The addition of a restaurant to a distillery tasting room reflects a broader shift in how American craft producers think about destination hospitality. A bar alone brings visitors in once; a bar with food keeps them longer and gives them a reason to return. The gift shop layer adds a retail dimension that extends the distillery's reach beyond the glass. Together, the three-part format positions Dry Fly as a destination within downtown Spokane rather than a stop on a bar crawl.

The restaurant component also changes what the bartender's craft means in practice. In a standalone cocktail bar, the bar is the entire experience. In a format that includes food service, spirits have to work alongside a kitchen program, which introduces pairing logic and demands a different kind of fluency from the bar team. The strongest producer-restaurant operations use that friction productively, building menus where the house spirits appear in cooking as well as in the glass.

Planning Your Visit

Dry Fly Distilling Bar, Restaurant, & Gift Shop is located at 1021 W Riverside Ave in downtown Spokane, within walking distance of the city's central hotel and retail corridor. The West Riverside address is accessible on foot from most downtown accommodation and sits on routes served by Spokane Transit. Given the combined bar, restaurant, and retail format, visits that allow time to move between all three elements reward more than a quick drink stop. For travelers building a broader Spokane itinerary, the venue pairs logically with the city's other downtown bars and dining rooms covered in the EP Club Spokane guide.
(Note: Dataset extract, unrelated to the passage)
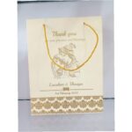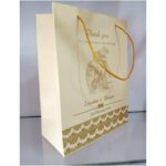 Cream colour gold ink bag – Cream colour gold ink bag is one of our beautiful designs. These beautiful personalized gift bags are crafted out of very fine quality Cream  metallic card stock, with gold rope used as handles. Text and design printed on the bag is totally customizable. The printing on this bag is Gold ink.

Frequently Asked Questions

What is Dry Fly Distilling Bar, Restaurant, & Gift Shop known for?
Dry Fly is one of Washington state's earliest craft distilleries, founded in 2007, and is closely associated with the Pacific Northwest grain-to-glass movement. In Spokane's bar scene, the venue is a reference point for Washington wheat whiskey and locally produced spirits, functioning as both a tasting room and a downtown dining destination. The combined bar, restaurant, and gift shop format puts the full production range in front of visitors in a way that standalone bars cannot replicate.
What's the must-try cocktail at Dry Fly Distilling Bar, Restaurant, & Gift Shop?
Because the bar program is built around Dry Fly's own production portfolio, the most direct way to engage with what makes the venue distinct is through cocktails that foreground the house wheat whiskey, which is the expression that established the distillery's regional reputation. The specific cocktail list is leading confirmed at the venue, as producer-owned bars typically rotate builds to showcase current releases and seasonal expressions alongside their core range.
Is Dry Fly Distilling worth visiting if I don't usually drink whiskey?
Washington craft distilleries like Dry Fly typically produce across multiple categories, including gin, vodka, and fruit-forward spirits in addition to whiskey, which reflects the state's agricultural range. A producer-owned bar presents the full portfolio rather than a single spirit, so visitors with varied preferences are well served by the format. The restaurant and gift shop components also make the visit workable as part of a broader downtown Spokane afternoon or evening rather than a purely spirits-focused excursion.